I am looking for somewhere to get my laptop repaired in our area (Alicante to Benidorm). Preferably English speaking. 

The laptop is working but none of the USBs are. Also it cannot see the wireless network (the network is ok as PC and netbook are both working on it) 

I knew of 3 places in the past but all 3 have closed.

Anyone know of somewhere? Any recommendations?

Thanks


----------



## thrax (Nov 13, 2008)

I don't know them but a friend said he knew of them and they are ok. English computer Deutsche Computer repair shop laptop and notebook repair store, MASmovil cheap rates, mobile cell phone shop, cheap cartridges, computer training courses, unlock mobile cell phones, Torrevieja Alicante in Orihuela Costa Blanca in Spa


----------



## DunWorkin (Sep 2, 2010)

Thanks for that

I was hoping for somewhere a bit closer or at least north of Alicante. If I can't find anywhere else I will check them out.

I was sure there must be somewhere in or near Benidorm but so far have not found anything


----------



## xabiaxica (Jun 23, 2009)

DunWorkin said:


> Thanks for that
> 
> I was hoping for somewhere a bit closer or at least north of Alicante. If I can't find anywhere else I will check them out.
> 
> I was sure there must be somewhere in or near Benidorm but so far have not found anything


I know Jávea might be too far, but there's a great company here who won't charge you if they can't fix it


----------



## thrax (Nov 13, 2008)

Try this lot, they will visit you!!

Wizard Computers


----------



## DunWorkin (Sep 2, 2010)

thrax said:


> Try this lot, they will visit you!!
> 
> Wizard Computers


These sound quite good but their website says Denia to Benidorm. We are a bit south of that. Will email them and see where they are and if we can go to them.


----------



## DunWorkin (Sep 2, 2010)

xabiachica said:


> I know Jávea might be too far, but there's a great company here who won't charge you if they can't fix it


Yes, quite a way but would rather go there than Torrevieja direction. Could combine with a trip to other places we like in the area. Maybe even meet up for a coffee


----------



## xabiaxica (Jun 23, 2009)

DunWorkin said:


> Yes, quite a way but would rather go there than Torrevieja direction.
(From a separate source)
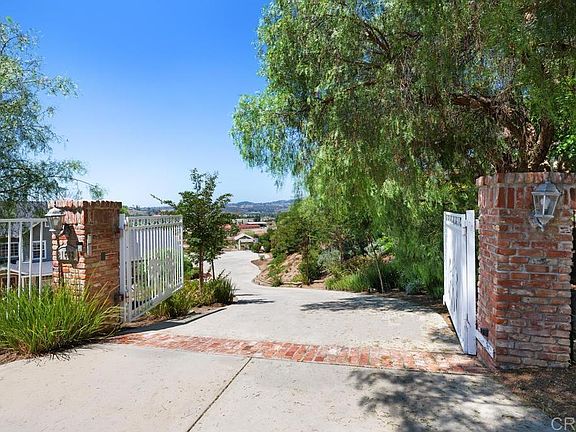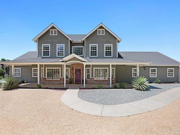 Experience the Ultimate Country Living from this gated 5 bedroom, 4.5 bath home, situated on an expansive 2.64-acre lot with spectacular panoramic views in the rolling hills of Bonsall! Relax near the disappearing edge, heated pool and spa while enjoying an ocean breeze! This stunning property offers a peaceful and secure setting, with low-maintenance landscaping, a motocross track, and a mining scene, which adds to the many features of this breathtaking estate. Nothing compares! Boasts nearly all useable acreage, making it perfect for a nice vineyard, horses, and lots of space to park RV's, motorcycles, dirt bikes, boats, you name it! This property will have the room for it all! A floor plan designed with warmth and beauty. As you enter, you are greeted by a spacious, two-story foyer with stunning wood staircase and a gleaming hardwood flooring. Open from the entry hall is a formal living room to your left, and formal dining with country views to your right. The dining room leads to a chef's dream kitchen, featuring stainless steel appliances and wood shaker-style cabinets. Corian counters accommodate bar stools, an eat-in counter, a granite-topped island with a built-in wine rack and more cabinet space. Adjacent to the kitchen is a spacious, light-filled family room with high ceilings, a brick fireplace and a casual dining area with bay windows overlooking the pool area and beyond. Continuing into the home you will find an oversized Primary suite, featuring views of the fabulous pool and the countryside. A private ensuite provides a dual vanity, jetted tub, shower, and a large walk-in closet. The main floor also includes an office, mudroom, laundry room and a half-bath. On the second level, there are 3 additional bedrooms with ceiling fans and 2 complete bathrooms. In addition to central air conditioning this home has a whole house fan, a central vacuum system, and a whole house surge protector. One-car oversized garage has been converted into an ADU with a complete bathroom and a private entrance accessible through the pool area which is perfect for guests or rental income. The attached 2 car garage has a pull-down ladder leading to a very large storage. The outside space is highlighted by a spacious cover patio with concrete decking, sparkling heated pool & spa with a water fountain feature and a large built-in smoker will have you entertaining your guests in style. It's time to rev up your life and make this incredible home yours! Come take a look at this one-of-a-kind property!

Could combine with a trip to other places we like in the area. Maybe even meet up for a coffee


now there's an idea 

I discovered recently that I have a cousin that I didn't even know I had in El Campello - wouldn't it be odd if that was you 


the computer shop is called PC Solutions - here's their website Pc Solutions


----------



## Guest (Oct 29, 2011)

Silly question, but have the USB/WIFI doofers suddenly packed in or has these been an intermittent problem?

I only ask, as it seems odd that both USB and WIFI stop working at the same time. They would be on different parts of the circuit board, with the WIFI more than likely being a plug in module on the board, whereas USB would probably be directly "on board". 

I´m making the assumption your running Windows?

If they´ve suddenly stopped working, it may be worth running some diagnostics via the Control Panel. A quick way to find out would be the following: -

If you have "my computer" on the desktop, right click and select Properties and then look for the Hardware Tab or Device Manager (or Mangler as it´s known in the trade!). Otherwise, go to the Control Panel and look for the System icon and search for the Device Mangler that way. In the Device Manager scroll down to USB items. If it isn´t working properly there would be a yellow triangle with an exclamation mark. Right click on the USB device and look for properties. This will give you some info about the status of the device and the software drivers that enable Windows to use it properly.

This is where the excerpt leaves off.